アメリカの人口は現在約3億2000万人弱ですが、毎年約300万人程人口が増加しています。 内訳は、出生ー死亡=200万人、移民100万人。 国務省の幹部によりますと、アメリカ政府は人口を4億人まで出来るだけ早く増加させ中国に対抗したい様です。従って、国益に適った移民を世界から選りすぐってドンドン引き入れるそうです。国益に適った人と言うのは、資本家、特殊技能保持者(スポーツ、芸能、科学者等)、そして最も求めている人は資本があり、頭があって、米国で事業を興し雇用を作れる人達です。この様な人は、通常なら数年待たなければならない永住権が即日発行されるそうです。 この様な国益に適った人達が、新しい企業、産業、サービスを提供するのです。 丁度、アベノミクスの3本目の矢である成長戦略をアメリカは移民からも取り込もうとしているのです。

5.ドル高

以上の、事柄を鑑みますとドル高シナリオになります。少なくとも海外から買う原油が少なくなり、貿易収支等は改善、製造業等の国内回帰から来る貿易収支も改善、国内の雇用が増加し所得が増加し、消費が促進され国家財政が改善、防衛費削減からも財政改善、移民が増加しドル需要増加、上記の様にマクロ的にアメリカ経済は双子の赤字が急速に改善し、国家財政は黒字転換も可能。ドル高は、輸入インフレ抑制、国内金利上昇抑制効果があります。

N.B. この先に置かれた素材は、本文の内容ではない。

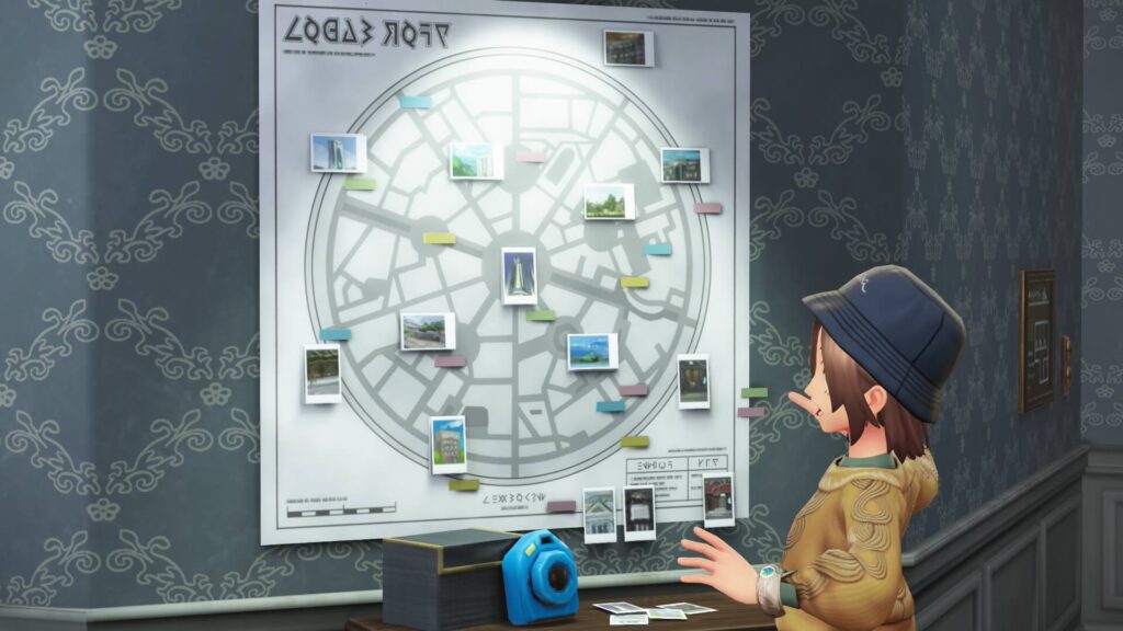 地図にはプリズムタワーやクエーサー社、ホテルZなど主要な建物の写真が貼られていました。

従ってドルに対する信任が確固たるものになる事が考えられます。 これらの状況を見て、海外の富裕層、能力のある人、自国で喘いでいる人達が今一度「機会の国、アメリカ」を目指す状況になるのではないかと思われます。

この様な、アメリカの状況を鑑みて日本はどの分野でどの様に上手く乗るかによって日本の経済、アベノミクスは成功するか決まると思う次第です。